The thinking and ideology behind all this is deep and complex. I find this an absolutely fascinating theoretical concept and perfect for Job For A Cowboy’s equally complex musical style.

Moon Healer opens with Beyond The Chemical Doorway, which explores Gnosticism by way of Hieronymus Bosch’s art. The intro of haunting, almost exotic, distant guitars draws you in. The track develops a breathtakingly complex depth and layering to the sound, contrasting superbly with the harsh but clear vocal delivery.

If you aren’t blown away by the complexities, then you will be once the sublime midpoint leadwork kicks in. This is a track that is as beautiful as it is brutal.

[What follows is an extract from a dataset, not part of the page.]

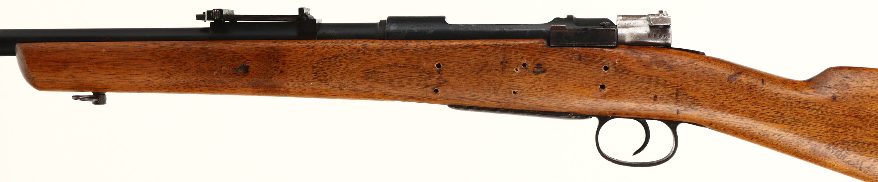 Spanish Mauser. Model 1893. Cal: 7x57mm. MFG: 1896-1943. S/N: 2666. Bolt action rifle. 22'' Barrel. The straight wrist wooden stock is good, stock has been cut down, holes drilled in stock on left side by magazine, small chip at toe, stock has scratches, dents, gouges & wear from use. The Metal has been Re-finished with a black paint, paint has worn away in spots to show original finish underneath. Left side of receiver is marked with S/N, ''MAUSER ESPANOL MODELO 1893'', Left side of barrel is marked with S/N, ''7MM''. Bore is good, roughness with thinned rifling. No Front sight, V-notch ladder rear sight marked 4 to 20. Metal buttplate with wear & brown patina. Bottom sling swivels. FFL Or C&R Req - Value: 100 to 200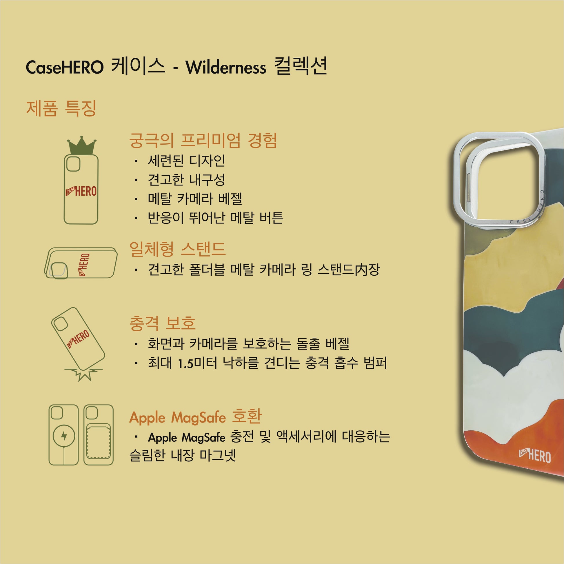 CaseHERO의 Wilderness 컬렉션은 끊임없이 변화하는 자연의 풍경에서 영감을 받았으며, 풍부하고 흐르는 풍경과 흙빛 톤을 통해 자연의 길들여지지 않은 아름다움을 포착하고자 했습니다.

Etched In Oblivion is slower, eerier and darker than the predecessor. The pace develops as it progresses, becoming frantically complex with searing leadwork, punchy complex technical swathes and dramatic pace drops and direction shifts. You can’t fail to be enthralled and fully engaged. But don’t drift into a reverie as you listen because the closing fifteen seconds take on such an insanely complex technical twist that will shock you right back into reality again.

I love the opening chunk of brief bass dominance, which then reappears from time to time on Grinding Wheels Of Ophanim. The vocals take on a greater variance, too. Again, it’s a track that is, at times, insanely complex from a technical perspective. The ebbs, builds and pauses work to dramatic effect. The slower passages are darker and more haunting, and the midpoint leadwork is beautifully haunting also.

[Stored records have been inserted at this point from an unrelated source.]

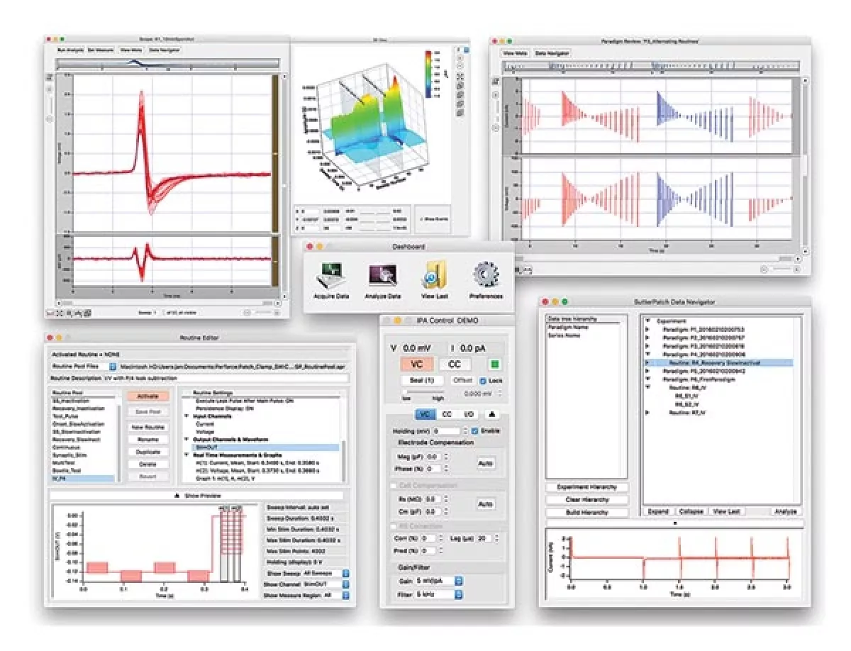 Le système IPA (un pré-amplificateur) ou Double IPA (deux pré-amplificateurs indépendants) combine un amplificateur intégré à un convertisseur analogique/numérique et le logiciel SutterPatch pour l’acquisition, la gestion et l’analyse des données. La combinaison de deux appareils permet d’obtenir jusqu’à quatre canaux de tête et 16 signaux, incluant entrées analogiques, sorties analogiques et sorties numériques. L’acquisition de données peut être déclenchée par une horloge embarquée à résolution microseconde ou un déclencheur externe TTL. Le potentiel imposé et le courant imposé peuvent être commutés automatiquement pour éviter les artefacts, avec un potentiel de retenue jusqu’à 1000 mV. Le système est optimisé pour les enregistrements en cellule entière sur tranches de tissu, cellules adhérentes ou dissociées. Les données et analyses sont visualisées en 2D et 3D via le logiciel SutterPatch, qui permet également de gérer plus de 600 métadonnées expérimentales, couvrant les paramètres biologiques, instrumentaux et stimuli appliqués. Des modules complémentaires permettent la détection d’événements synaptiques, l’analyse des potentiels d’action et la documentation de l’identité et de l’état des cellules via caméra. La version optionnelle du panneau frontal facilite les connexions Entrées/Sorties directement sur le panneau.
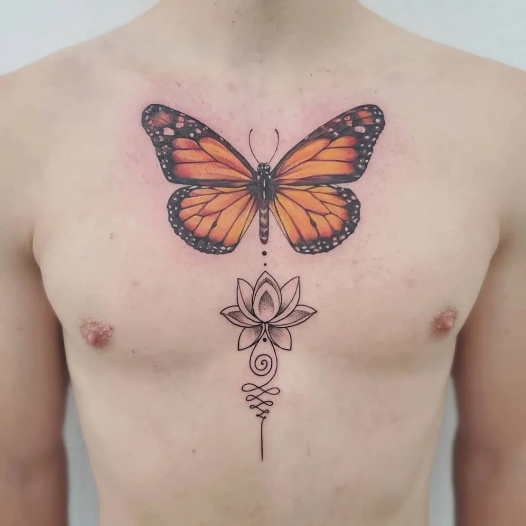 Monarch Butterfly and Lotus Chest Tattoo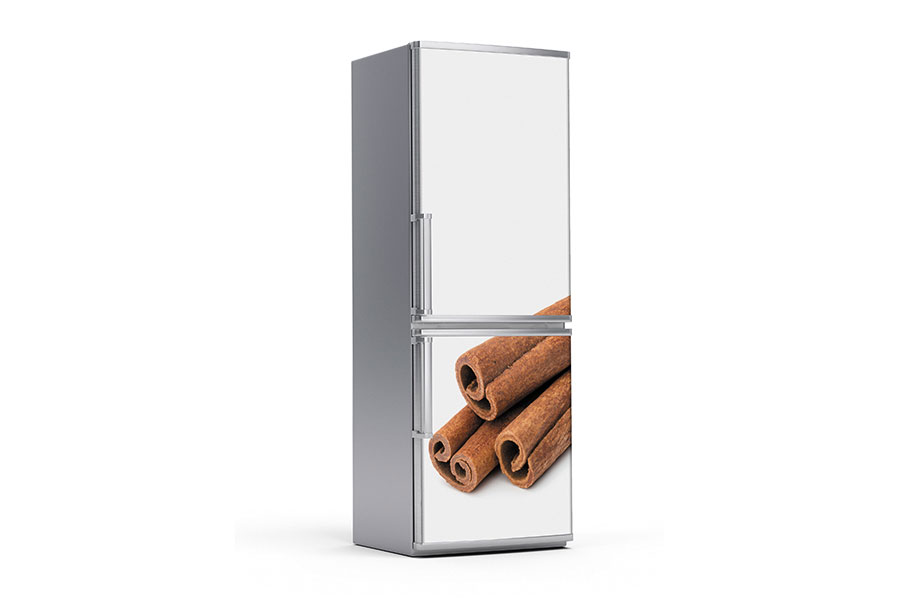Υφασμάτινο αυτοκόλλητο ψυγείου που απεικονίζει ξυλάκια κανέλα σε λευκό φόντο .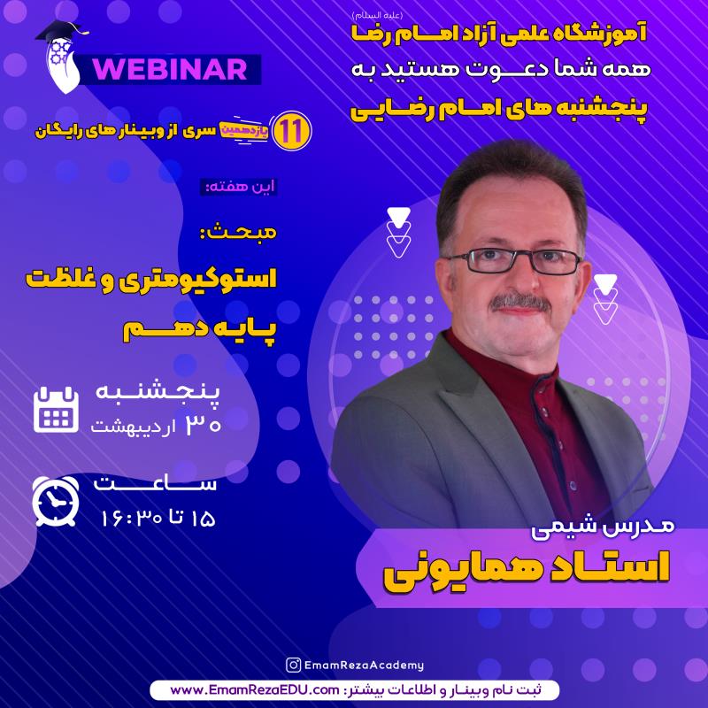 وبینار شیمی پایه دهم برگزار می گردد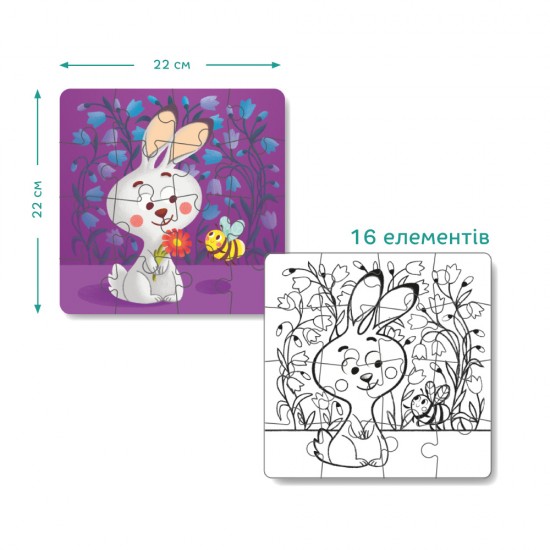 Puzzle 2 in 1 de colorat, Iepuras, 16 el. Dodo
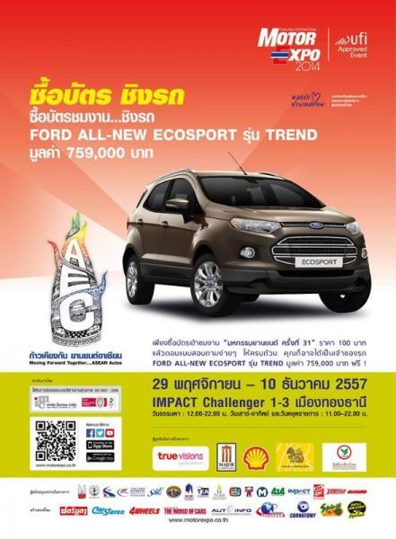 2. “ซื้อบัตร ชิงรถ” ผู้ที่ซื้อบัตรชมงาน มีสิทธิ์ชิงโชครถยนต์ FORD ALL-NEW ECOSPORT รุ่น TREND มูลค่า 759,000 บาท จำนวน 1 รางวัล พร้อมรางวัลพิเศษอีกมากมาย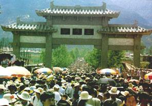 關(guān)于三月街的貿(mào)易集市盛況,在明清之際的許多文獻中都有記載。如李元陽的《萬歷云南通志》、《徐霞客游記》等都對三月街進行的騾馬、木材、藥材、毛皮、銅鐵等大宗的土特產(chǎn)品貿(mào)易情況有詳備的記載。徐霞客是這樣記述三月街的:"俱結(jié)棚為市,環(huán)錯紛紜。……千騎交集。……男女雜沓,交臂不辨。……十三省物無不至,滇中諸蠻物亦無不至。"再現(xiàn)了三四百年前三月街"諸商云集,環(huán)貨山積"的繁盛狀況。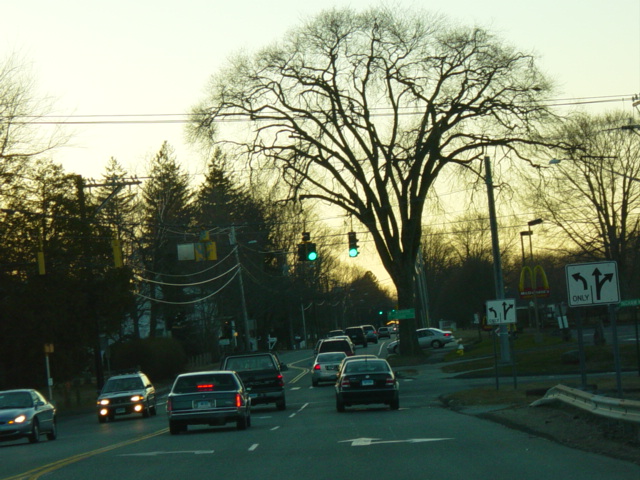 Spencer Plain Road (CT 166) begins on the right at this traffic light.

I love The Sun Gave Me Ashes So I Sought Out The Moon, just for the title alone. The fact that the music is superb is even better. It’s one of those tracks that starts off quiet, thin and distant, rushing towards you with full force. But this is one of the most complex waves of riffs I’ve ever been hit by. Crammed again with dramatically complex technical elements, the scale between ebbs and builds is both dramatic and impressive.

Into The Crystalline Crypts is hauntingly convoluted in the most technical and sublime manner imaginable yet still packing a punch. With superb bass lines, protracted gargling vocal snarls and repeated bursts of soaring leadwork, it is a superb track.

A Sorrow-Filled Moon is reflective and somewhat haunting to open. Much of this reflective, haunting quality continues across the duration of the track. With superb soaring leads, a sublime bass undercurrent and pummelling complex drum patterns, the vocals add extra punch and impact to another complex composition.

The first single released from this album, The Agony Seeping Storm, is even more fascinatingly unconventional than the predecessors. Soaring, mind-blowingly complex, and engagingly up-tempo, I love the slightly fuzzy edge on the leadwork that soars insanely. The riffs are stunningly complex, and the bass lines are downright sexy.

The final and longest piece, The Forever Rot, references Hermes Trismegistus’ Emerald Tablet and later Carl Jung’s philosophies on the death of ego and its relation to drug use. This is hugely and engagingly contrasting in content musically. Building from the distance as it opens with clean reflective guitars, it morphs into a heady meld of large swathes of punishingly punchy and complex riff work and brief, quieter reflective passages that turn hauntingly quirky towards the close. The vocals are growling and snarling throughout, with impactful emphasis. The soaring leadwork is once again sublime.

Moon Healer is a brilliantly thought-out composition and a magnificent listen end to end. It is a grippingly engaging, and technically excellent offering you will want to listen to over and over again.